Records excerpted from a collection

Content starts

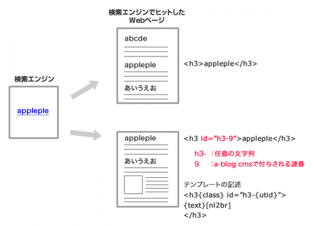 a-blog cmsでは、エントリー内の見出しに固有のidを自動で振ることができます。そうすることにより、ユーザーが検索エンジンからWebページに移動してきた際、検索ワードにマッチしているページ内の該当箇所にすぐジャンプすることができます。(この機能はv1.2.0より使用できます。)
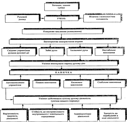 Формування умінь виконувати фізичні вправи, їх трансформація в навички, об'єднання навичок в уміння вищого порядку — це тривалий, складний процес, успіх якого залежить від багатьох чинників. Першим серед них є правильне педагогічне керівництво цим процесом, яке полягає у його чіткому структуруванні. У спеціальній літературі можна знайти інформацію яка свідчить, що різні джерела трактують структуру по-різному. Найбільше розбіжностей стосується кількості її етапів та їх змісту. Таку розбіжність, як показує аналіз, можна пояснити особливостями мислення авторів, контингентом учнів, для яких вона розробляється та специфікою виду рухової діяльності.
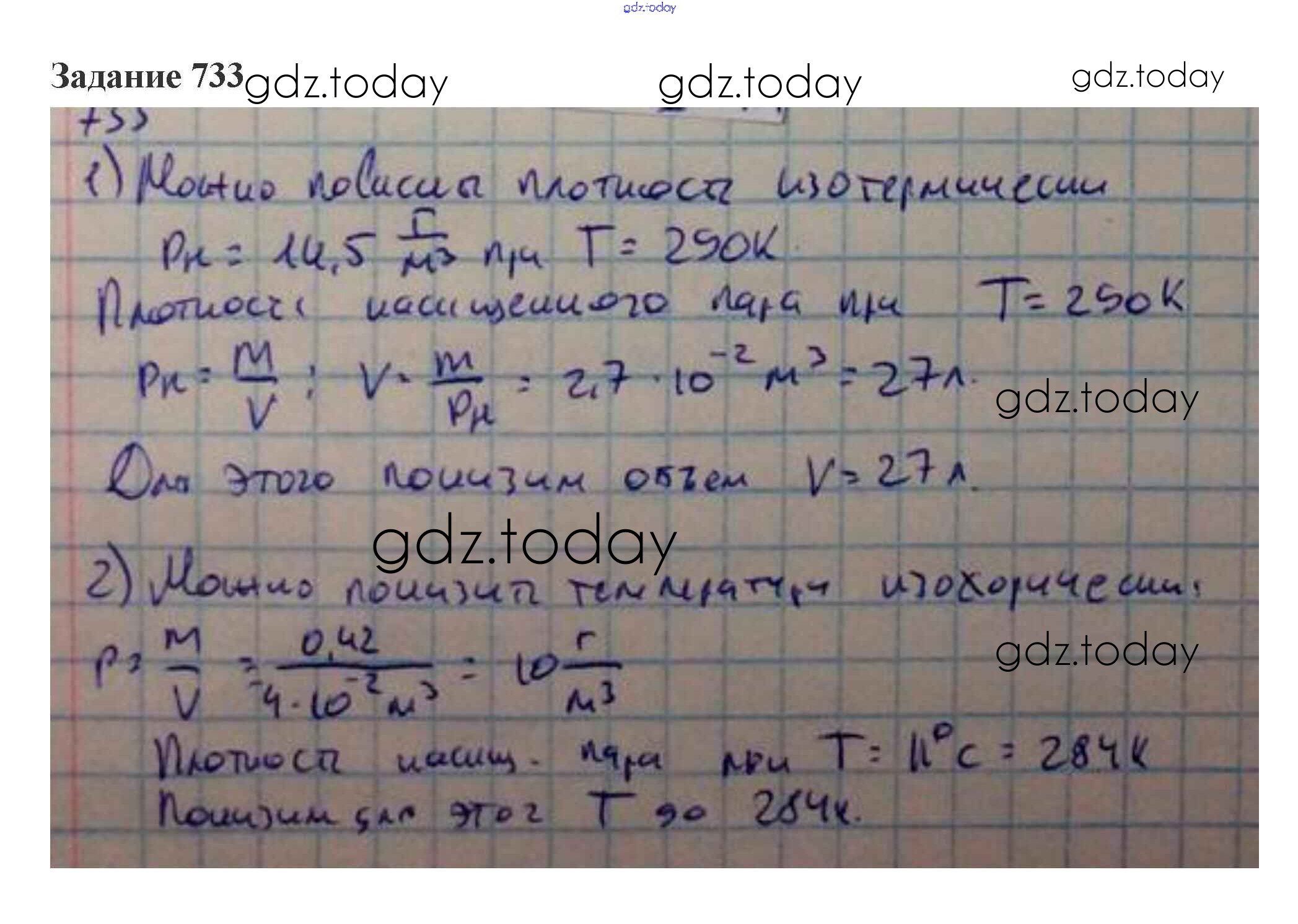 Ответы к 32. Реальные газы. Насыщенный пар. Влажность воздуха Решение к теме "Термодинамика" 733 Сборнику задач по Физике для 10-11 класса Степанова Просвещение 2015
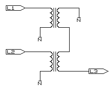 WARNING: Voltages used are likely to be at lethal mains potential. Exercise extreme caution and have only qualified personel carry out permanent installation. The circuit shown below is not recommended for use where high currents are drawn or for legal monitoring purposes. Limitations are to be expected. During measurements or the testing of three phase equipment or when monitoring three phase supplies it is often found only two of the phases are available at 'safe' potentials of between 63 and 220 volts. This is usually due to the costs of the voltage transformers that reduce the incoming multi-kV to the levels mentioned. The following circuit generates the missing phase from the two supplied ones with sufficient power to drive 3 phase meter circuits and small instrumentation motors. It creates a new vector by addition of the supplied two. It will, however, be noticed the new phase is inverted (notice the phasing of the transformers), this is done to correct the polarity as the addition creates a vector ±60° from the two supplied when it should be ±120° to be correct.
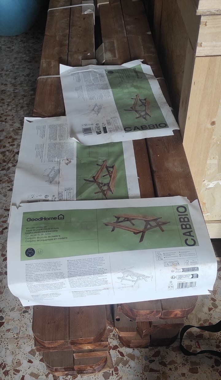 Mesas de picnic preparadas para su instalación
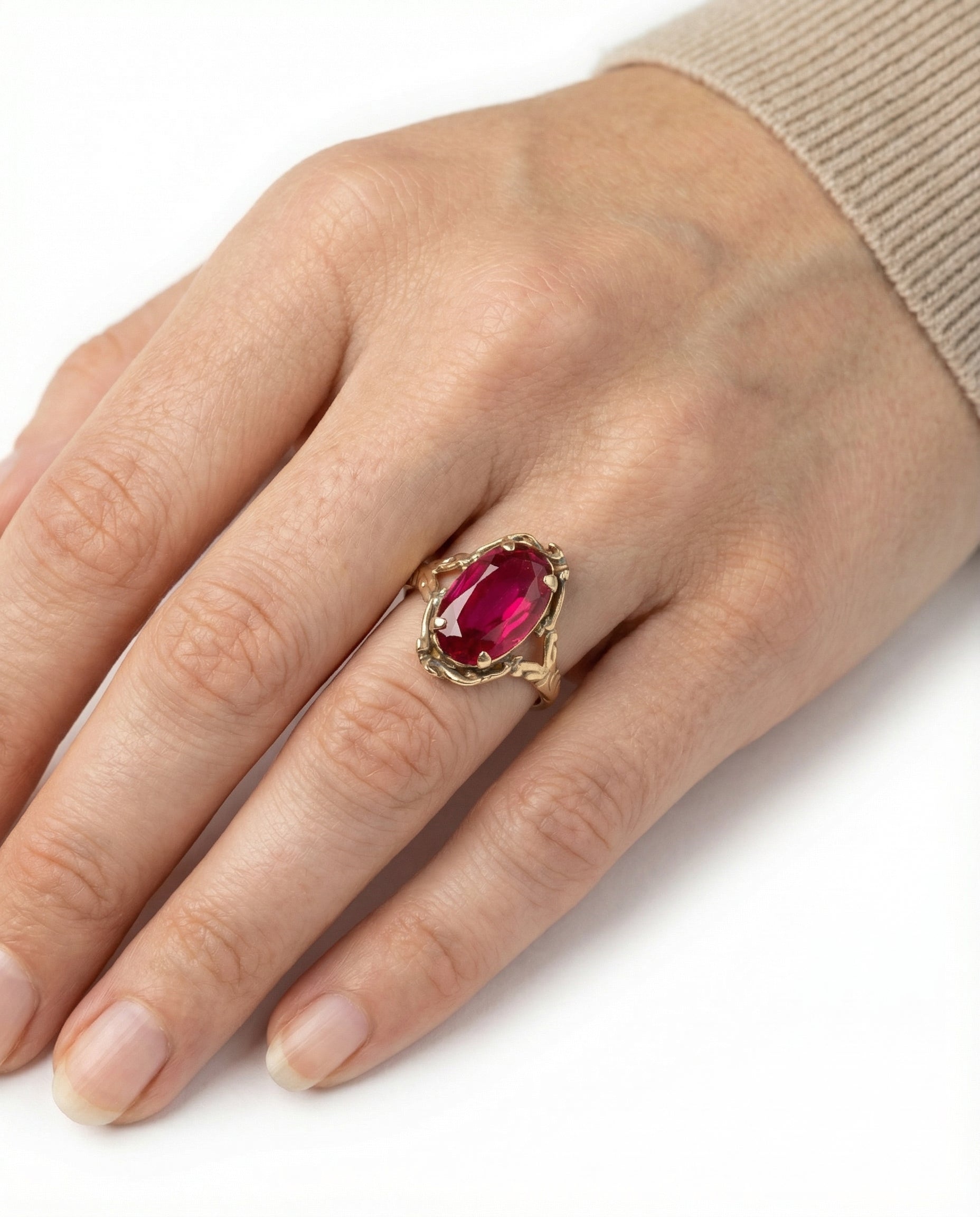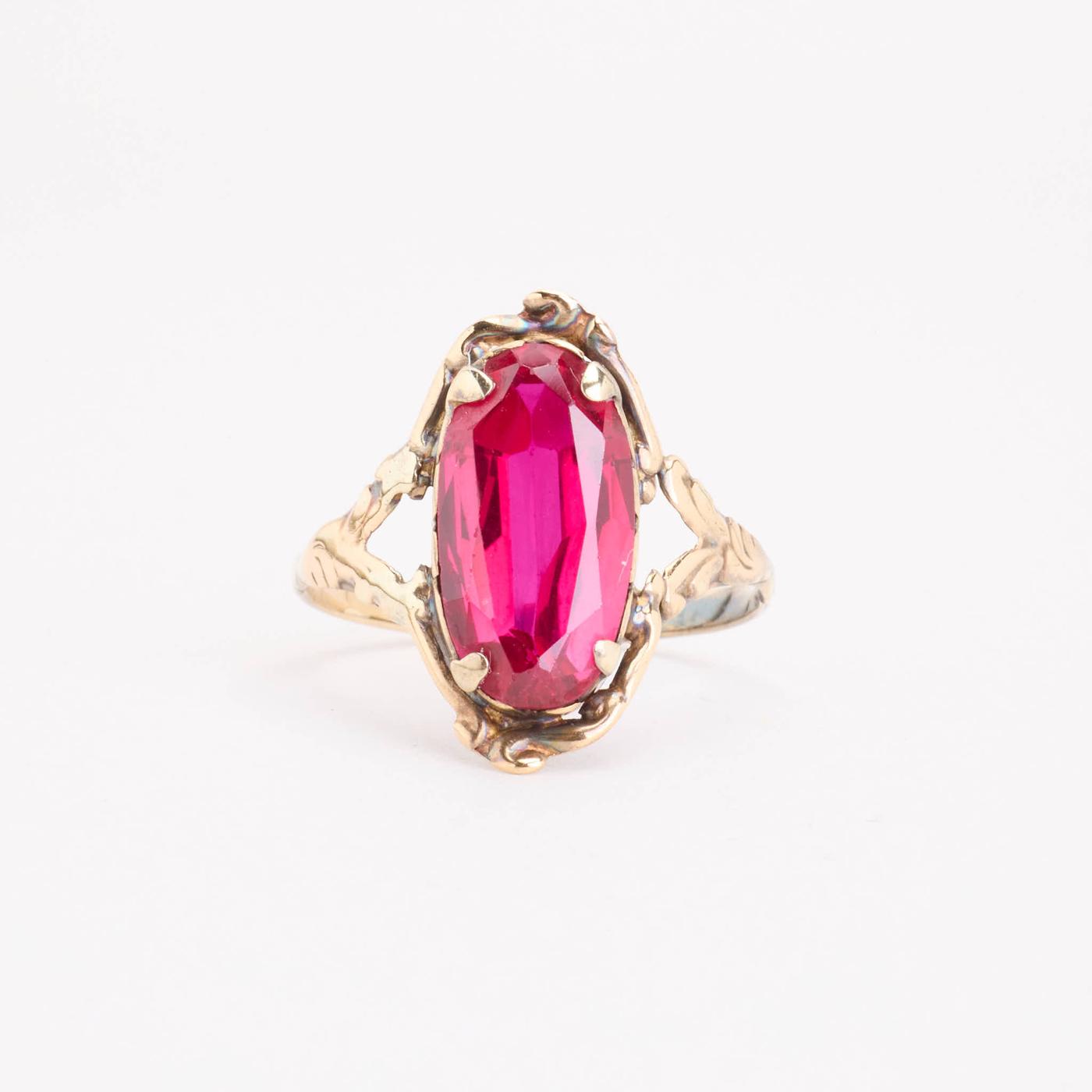 Navettering i 8K guld med en syntetisk safir, Str. 60, 1.8 g
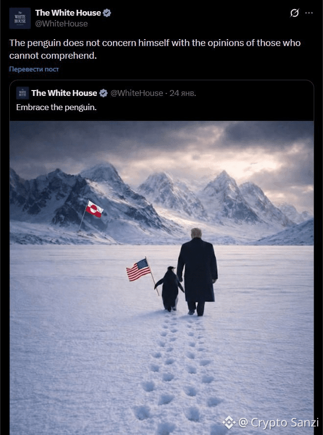 The White House posted a TikTok and an image on X featuring a penguin and the Greenland flag.
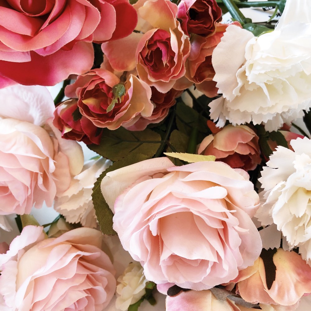 • de fleurs artificielles de plusieurs tailles (j’ai acheté les miennes chez IKEA et sur le site de Butinette)
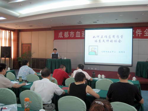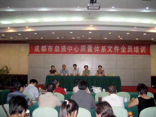 2007年8月3日、8月6日,成都市血液中心分两批在安全输血培训中心举办了贯彻《血站管理办法》、《血站质量管理规范》、《血站实验室质量管理规范》和中心质量体系文件的全员培训,包括彭州采血队在内的230人参加了培训学习。
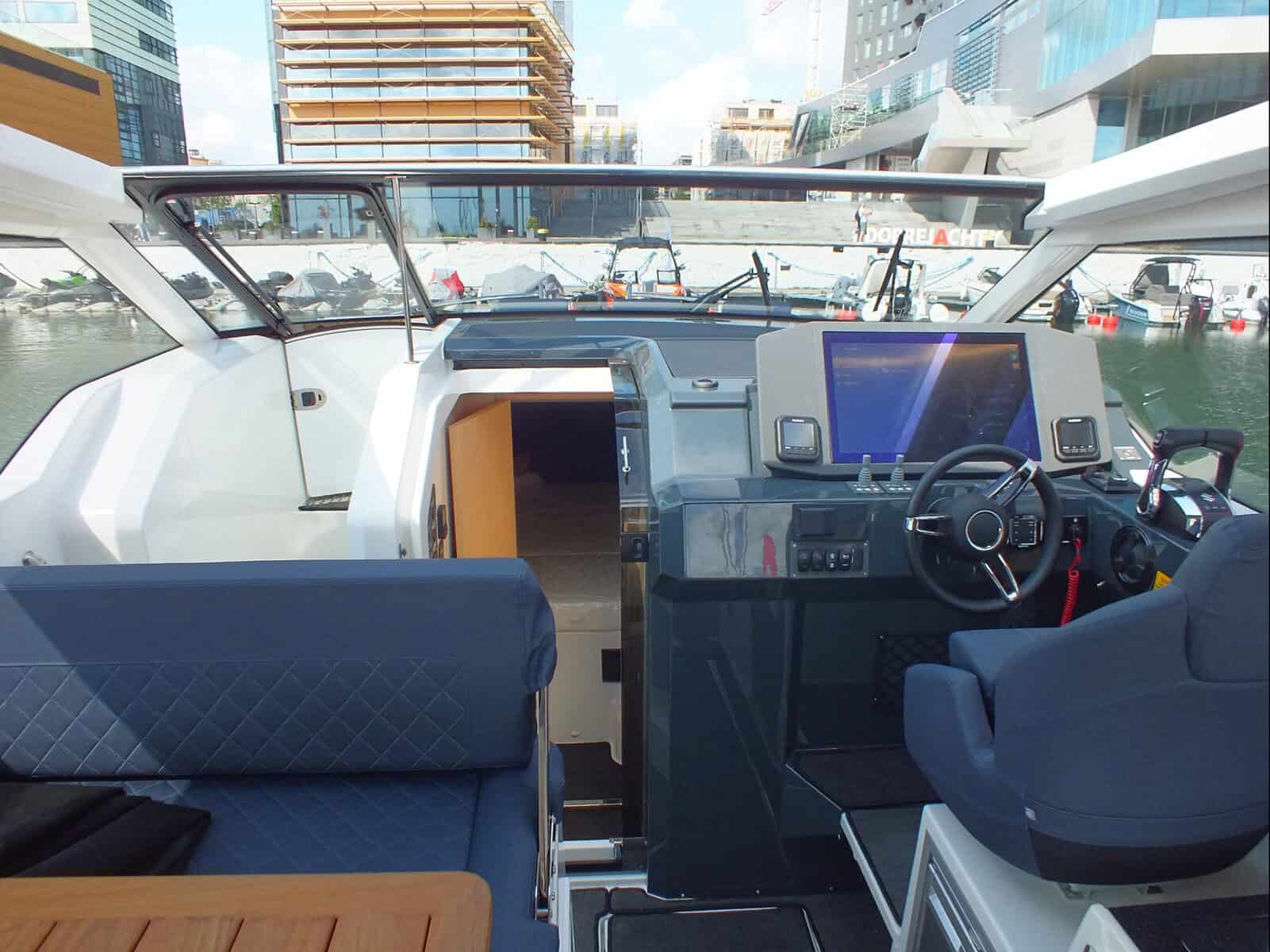 The Sorrento’s cockpit is designed to feel bright, airy, and spacious, enhanced by large glass windows in the wheelhouse area. Taking it a step further, the Panoramic roof design amplifies this effect. By opening the roof, you can invite sunlight and fresh air into the main helm and on-deck social areas, seamlessly blending the outdoors with the protected spaces, creating a harmonious “outside-in” experience.
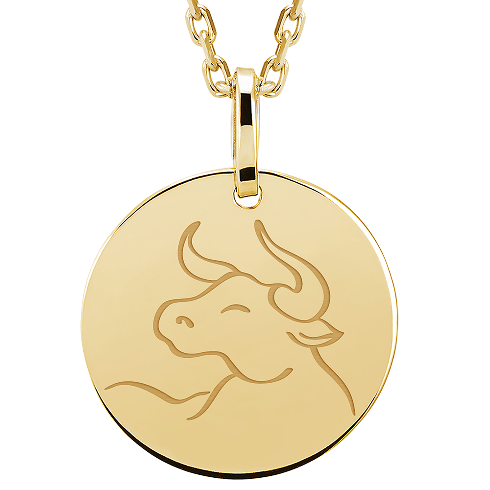 ZODIAC YOURS N. 16Medaglietta rotonda incisa - Taurus - Oro giallo 9 carati ID : 4807 4.7
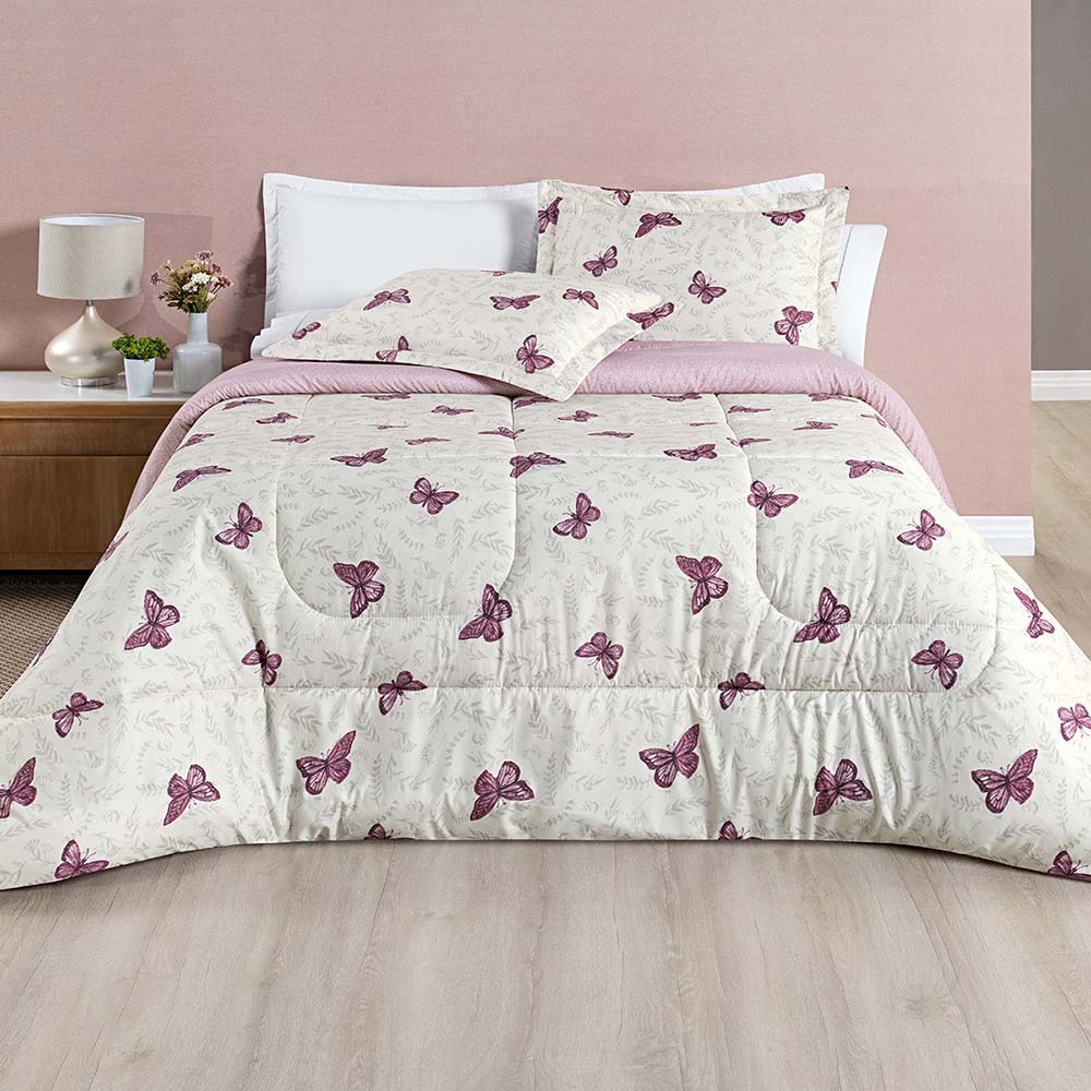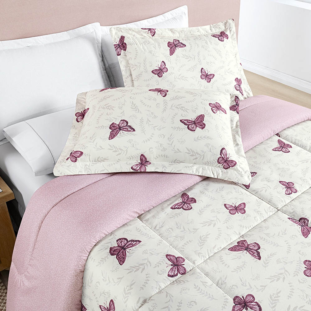 Kit Edredom Cobertor Celi Super King Dupla Face Micropercal Estampado 200 Fios 3 Peças Borboletas Rosê - 100% Poliéster

Content ends

**YOUR TASK**. No pictures should appear; only the lines from the first line of the records through the line with "WARNING: Voltages used", both included, are to be restated word for word.

**RESPONSE AREA**.
 a-blog cmsでは、エントリー内の見出しに固有のidを自動で振ることができます。そうすることにより、ユーザーが検索エンジンからWebページに移動してきた際、検索ワードにマッチしているページ内の該当箇所にすぐジャンプすることができます。(この機能はv1.2.0より使用できます。)
 Формування умінь виконувати фізичні вправи, їх трансформація в навички, об'єднання навичок в уміння вищого порядку — це тривалий, складний процес, успіх якого залежить від багатьох чинників. Першим серед них є правильне педагогічне керівництво цим процесом, яке полягає у його чіткому структуруванні. У спеціальній літературі можна знайти інформацію яка свідчить, що різні джерела трактують структуру по-різному. Найбільше розбіжностей стосується кількості її етапів та їх змісту. Таку розбіжність, як показує аналіз, можна пояснити особливостями мислення авторів, контингентом учнів, для яких вона розробляється та специфікою виду рухової діяльності.
 Ответы к 32. Реальные газы. Насыщенный пар. Влажность воздуха Решение к теме "Термодинамика" 733 Сборнику задач по Физике для 10-11 класса Степанова Просвещение 2015
 WARNING: Voltages used are likely to be at lethal mains potential. Exercise extreme caution and have only qualified personel carry out permanent installation. The circuit shown below is not recommended for use where high currents are drawn or for legal monitoring purposes. Limitations are to be expected. During measurements or the testing of three phase equipment or when monitoring three phase supplies it is often found only two of the phases are available at 'safe' potentials of between 63 and 220 volts. This is usually due to the costs of the voltage transformers that reduce the incoming multi-kV to the levels mentioned. The following circuit generates the missing phase from the two supplied ones with sufficient power to drive 3 phase meter circuits and small instrumentation motors. It creates a new vector by addition of the supplied two. It will, however, be noticed the new phase is inverted (notice the phasing of the transformers), this is done to correct the polarity as the addition creates a vector ±60° from the two supplied when it should be ±120° to be correct.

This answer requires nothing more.